Europe’s Borderlands

Migration, trafficking and regional integration in interdisciplinary perspective

International Graduate Student Conference
UCLA, 8th-10th May, 2008

Organized by Adrian Favell and Gail Kligman
UCLA Center for European and Eurasian Studies

In the wake of twin enlargements (2004 and 2007) and the ever expansive effects of the European Neighbourhood Policy, borders and the movements across which define them, have changed forever in Europe. Whether in terms of everyday travel between Poland and Germany, illicit trade and trafficking at the Ukraine-Romania border, people smuggling from Albania to Italy, or the maintenance of an offshore European wall against migration in Ceuta, Morocco, Europe’s edges have never been fuzzier or more contested. They also provide a guide to other areas of the world undergoing regional integration processes that engender mass migration and mobility across borders, including the US-Latin American borderlands.

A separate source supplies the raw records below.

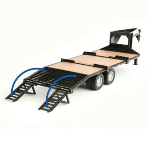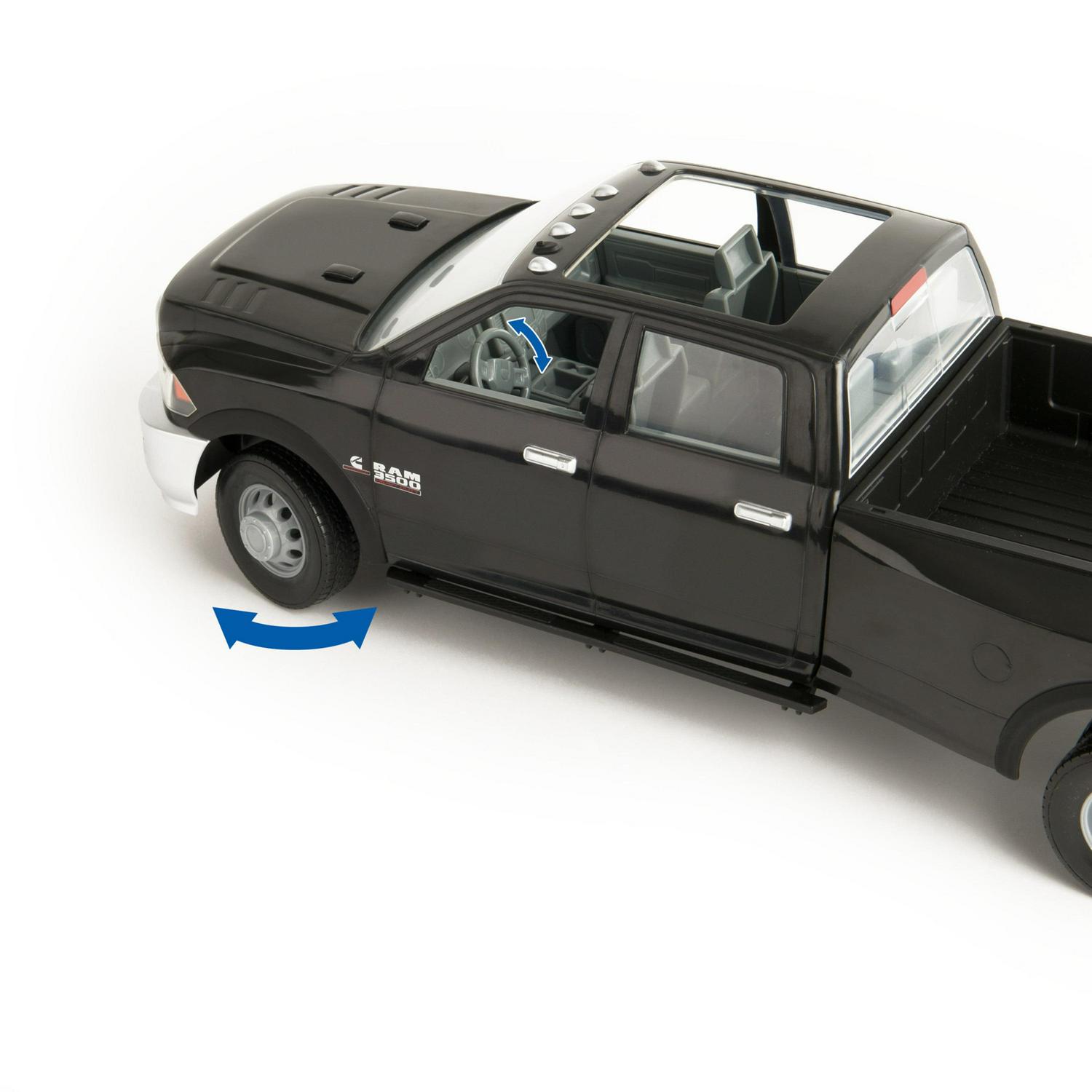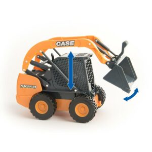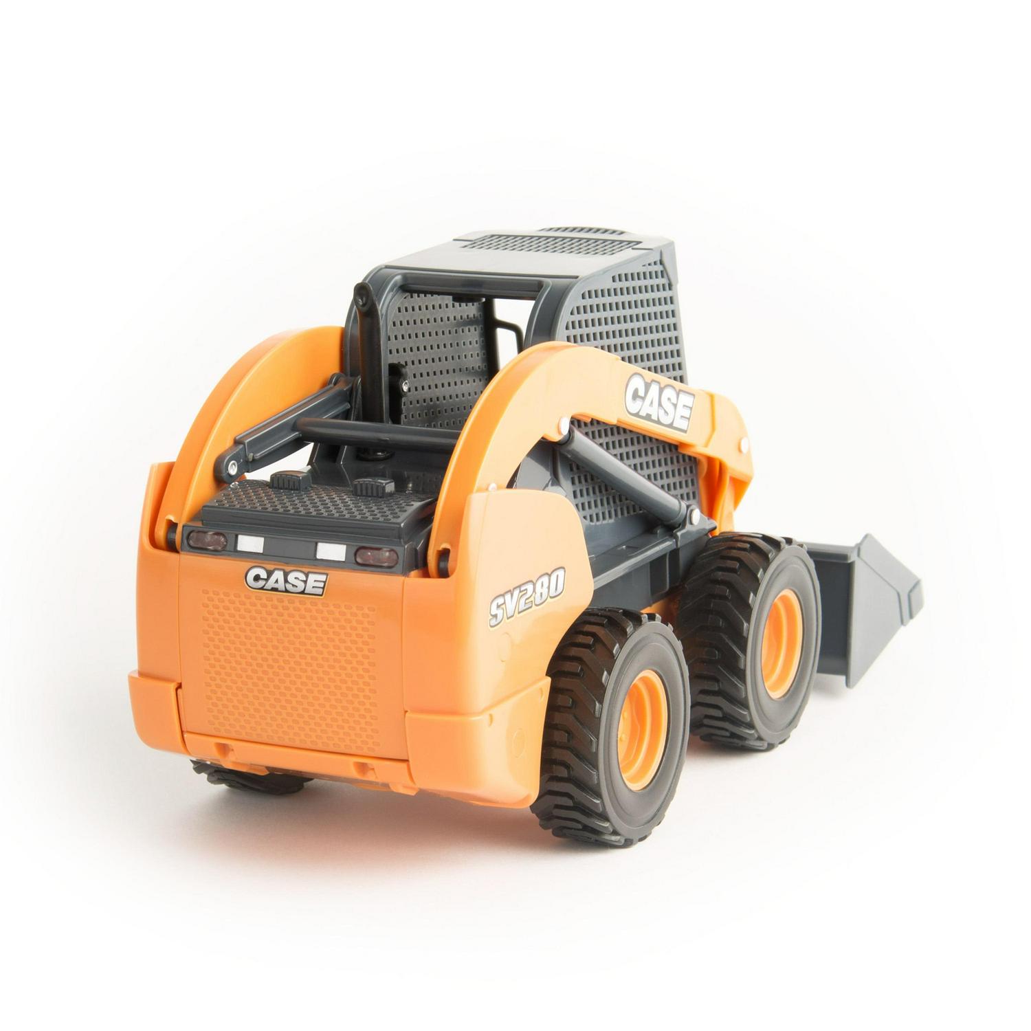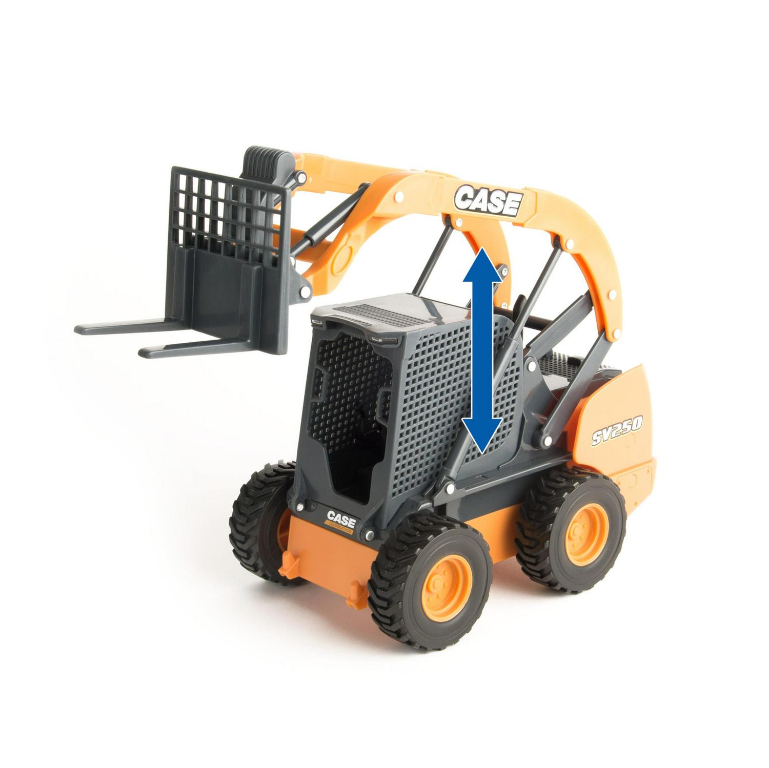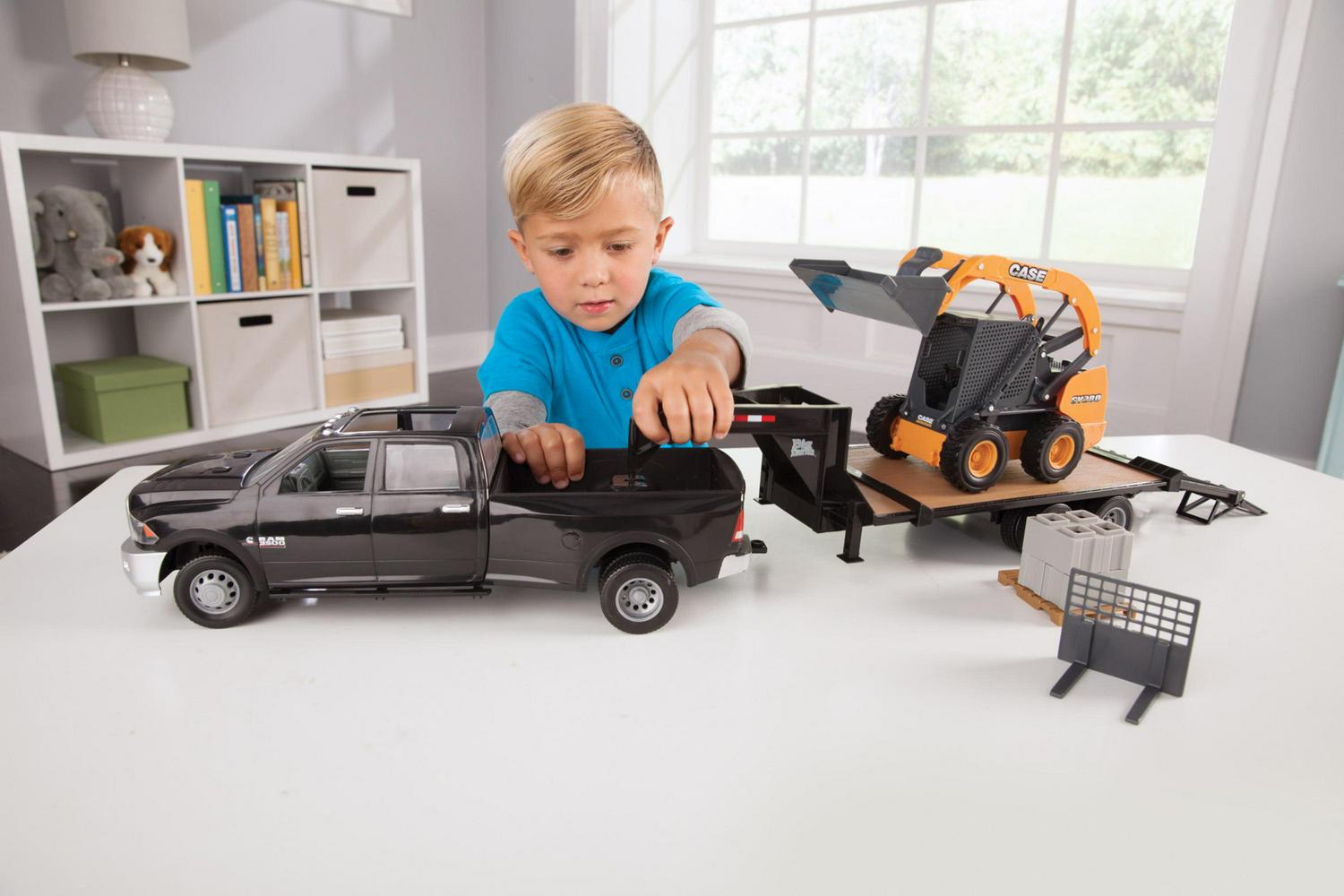 The ultimate in construction toy play, this 1:16 scale set features two different lights and sound vehicles that play very well together. The Ram 3500 Pickup with Gooseneck Trailer and the Case SV280 Skid Steer. In addition to lights and sounds, the Skid Steer also includes and interchangeable bucket and pallet fork so your little construction fan can easily choose the best tools to move the included pallet and cement blocks. The Gooseneck trailer features movable ramps for easy loading and unloading of the Skid Steer as well as adjustable jack stands. This construction toy set includes 3 AAA batteries so the fun can start right away.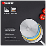 Bergner Argent Stainless Steel Saucepan has three layers. It is made with two layers of stainless steel and an aluminium core. It ensures even and consistent heating. It is an ideal cookware for any kitchen. It is easy to clean, wash and is long-lasting. This cookware is used for preparing and cooking food or stylishly serving food. It has a comfortable handle for easy handling and use. This saucepan has a stainless-steel lid for easy and efficient cooking. It is compatible with both gas stoves as well as induction. It is used to boil water, make sauces and soups, or for braising foods. It is suitable for both gas stoves and induction tops. This saucepan is non-toxic and non-staining.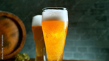 Freshly brewed beer in a pint on grey brickwall background, close-up
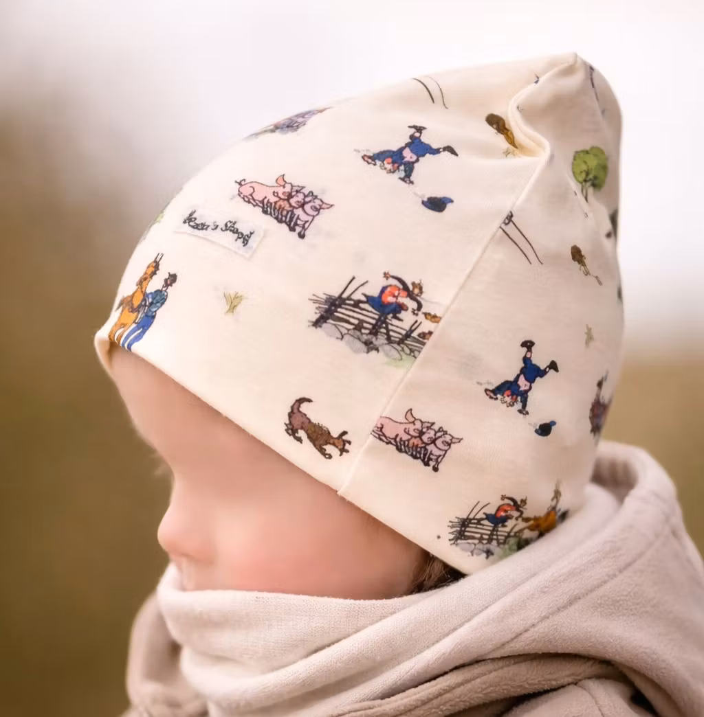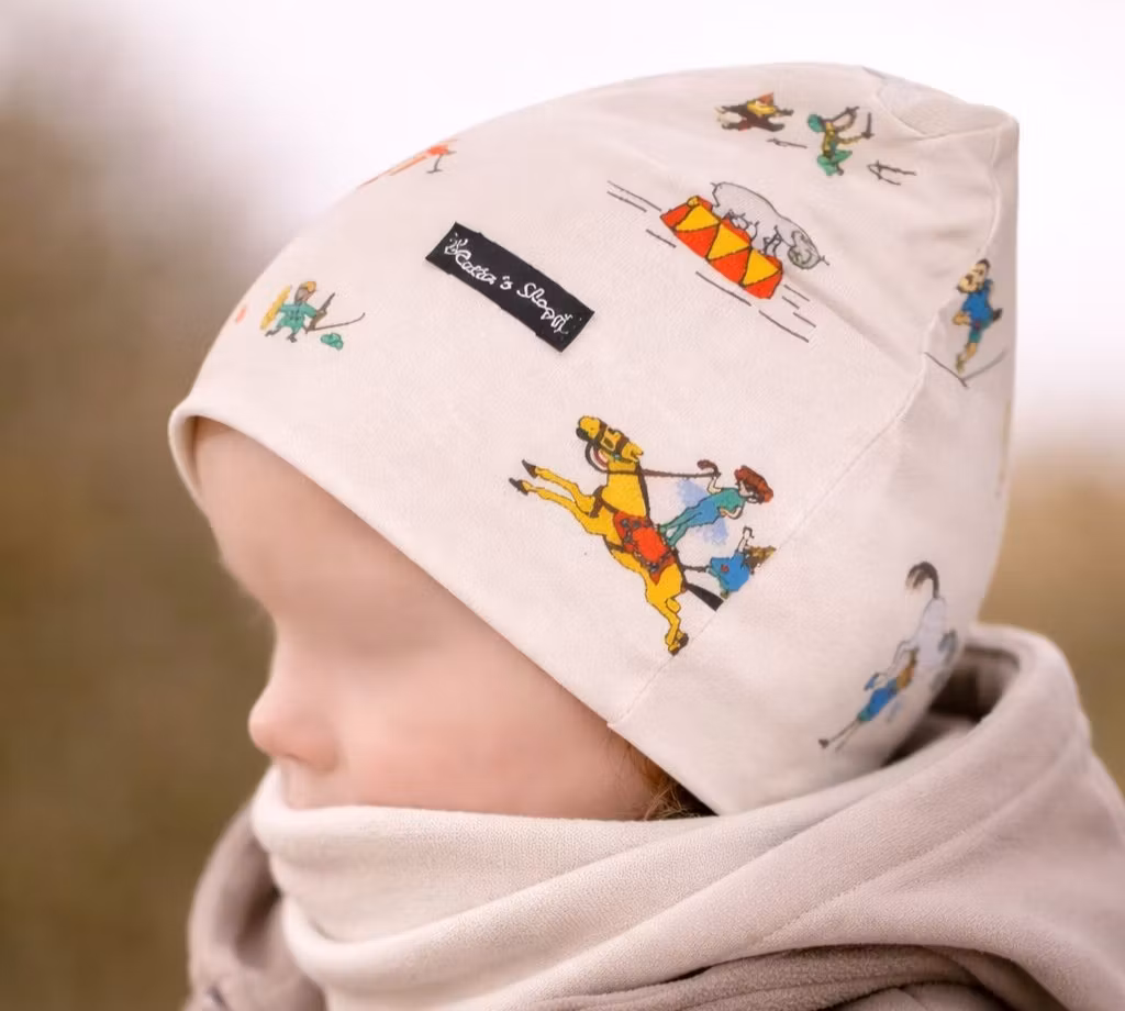 Varje mössa är unik. Motiven är medvetet inte mönsteranpassade – ett aktivt val för att minska tygspill och värna om våra resurser.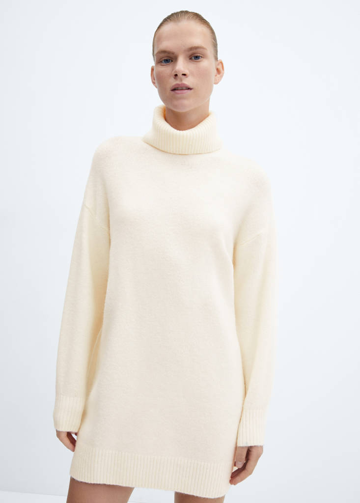 Wool mix fabric. Chunky knit fabric. Straight design. Short design. High neck. Long sleeves. No Fastening. The grey model is an online exclusive
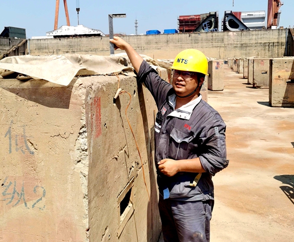 進入生產(chǎn)車間,映入眼簾的是一張張汗如雨下的面孔,其次看到的是有條不紊的生產(chǎn)景象,廠房作業(yè)區(qū)內(nèi)環(huán)境,僅室內(nèi)溫度就有40℃左右,每一位員工身上衣服如同水洗,但高溫始終未影響新時代造船員工的工作熱情,只看他們動作麻利,操作謹慎,嚴格工藝流程要求操作,把握好各個細小環(huán)節(jié),確保每一個成品的質(zhì)量,用實際行動展示著“戰(zhàn)高溫 斗酷暑 守崗位 促生產(chǎn)”的錚錚誓言。工服上的坨坨汗?jié)n,臉上快速流淌的汗水,就是他們實現(xiàn)自我價值的有力證明,他們是可敬可贊的,與烈日高溫比熱情,用忠誠執(zhí)著促生產(chǎn),用辛勤汗水書寫著新時代造船人別樣的美。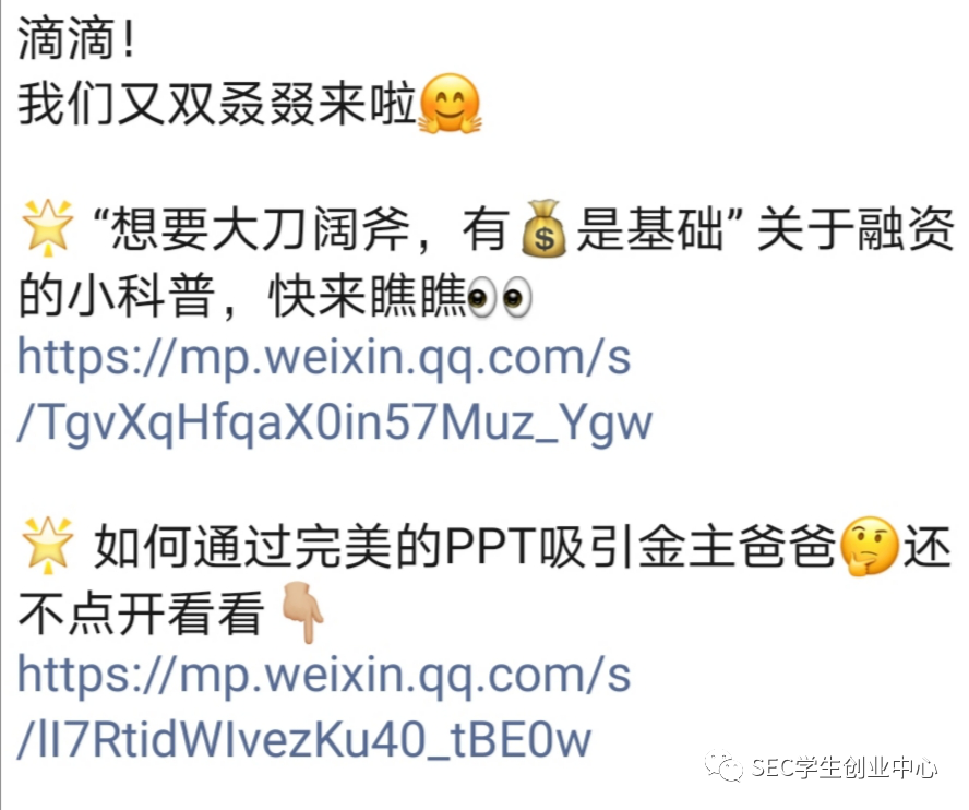 而预热群内每天也是高潮迭起,总有一份惊喜礼包在晚上等着你!从创业政策解读到思维导图PPT合集,从创赛经验分享到融资科普,从创业必备公众号安利到相关书籍电影推荐……我们的群助手每天都会在群里分享与创业相关的n个小知识,确保同学们能在本次的活动中满载而归。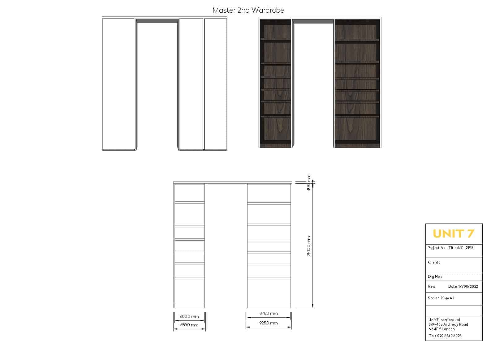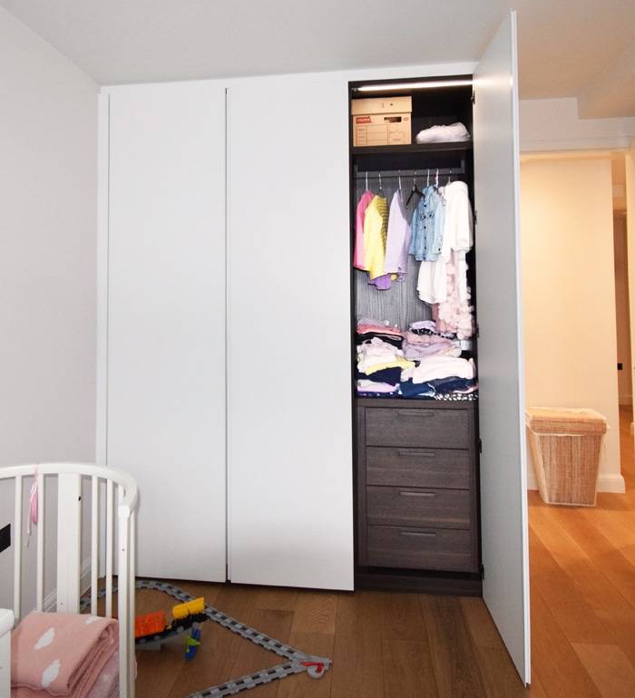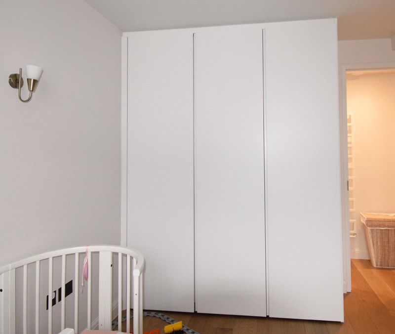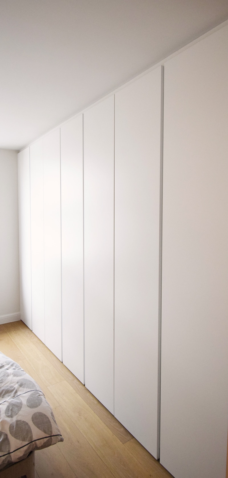 Dall agnese tecno emotion wardrobes, the master wardrobe has a section in in front of the bathroom and the door is part of the wardrobe. All wardrobes are matt lacquered white. There are sensor lights in all the compartments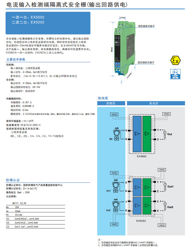 EX5002,EX5202,電流輸入檢測端隔離式安全柵(輸出回路供電)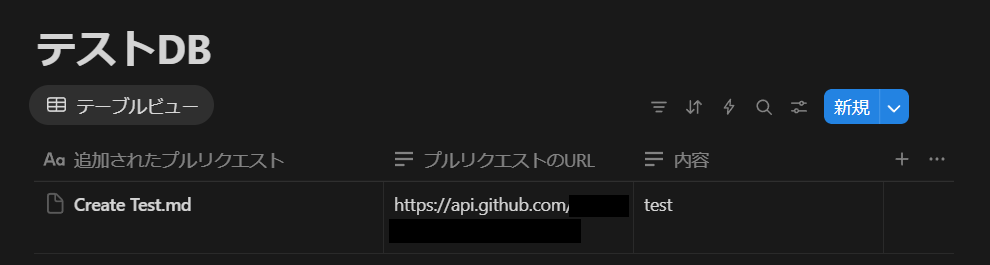 これで、GitHubでプルリクエストが新しく作成されたら、自動で任意の内容をNotion側のデータベースに反映させられるようになりました。

Bringing together a set of advanced graduate students for three days at UCLA, Europe's Borderlands aims to facilitate new interdisciplinary research on migration, borders and trafficking, as well as building a network of young Europeanists in North America and Europe working on these subjects. The conference includes an exclusive showing of an Italian documentary film about African migrants and their harsh journey towards Europe, and a keynote presentation from French CNRS political scientist Virginie Guiraudon about the effects of EU policies on its borders and neighbors.

Conference Program

Day 1 – Thursday, May 8, 2008

6:30-7:30pm   Film “A sud di Lampedusa” by Andrea Segre at the Italian Culture Institute, Introduction by Adrian Favell

Day 2 – Friday, May 9, 2008

9:00-11:00am  Panel 1, Borderlands: Ethnographic and Sociological Studies,10383 Bunche Hall

11:10-11:30     Coffee break

11:30-1:00       Keynote Speaker, Virginie Guiraudon, 10383 Bunche Hall

“Ever closer Union, ever further borders? The costs of European border policies and the consequences for EU legitimacy”

1:00-2:30pm   Lunch, box lunches, 10383 Bunche Hall

2:30-4:20         Panel 2, Immigration & Labor Markets, 10383 Bunche Hall

4:20-4:40         Coffee break

4:40-6:00         Panel 3, Trafficking & Sex Work, 10383 Bunche Hall

Day 3 – Saturday, May 10, 2008

8:00-9:00am   Breakfast, 306 Royce Hall

9:00-10:50       Panel 4, Remittances & Impacts of ENP, 306 Royce Hall

10:50-11:10     Coffee break

11:10- 1:00      Panel 5, Africa and the EU, 306 Royce Hall

1:00-2:30pm   Lunch, 306 Royce Hall

 

Discussion Panels

 

FRIDAY

 

1. Borderlands: Ethnographic and Sociological Studies– discussant, Ruben Hernandez-Leon (UCLA Sociology)

Friday, 5/9/08, 9:00–11.00am, 10383 Bunche Hall

·         Andrew Asher (University of Illinois at Urbana-Champaign, Anthropology)

Schengen's Excluded: Third Country Nationals and EU Citizenship Regimes on the Polish-German Border

·         Nicola Buecker (Jacobs University Bremen, Political Science)

EU Border Regions - Laboratories of Social Integration in Europe? The Relevance of "Transnational Social Capital"

·         Tatiana Matejskova (University of Minnesota, Geography)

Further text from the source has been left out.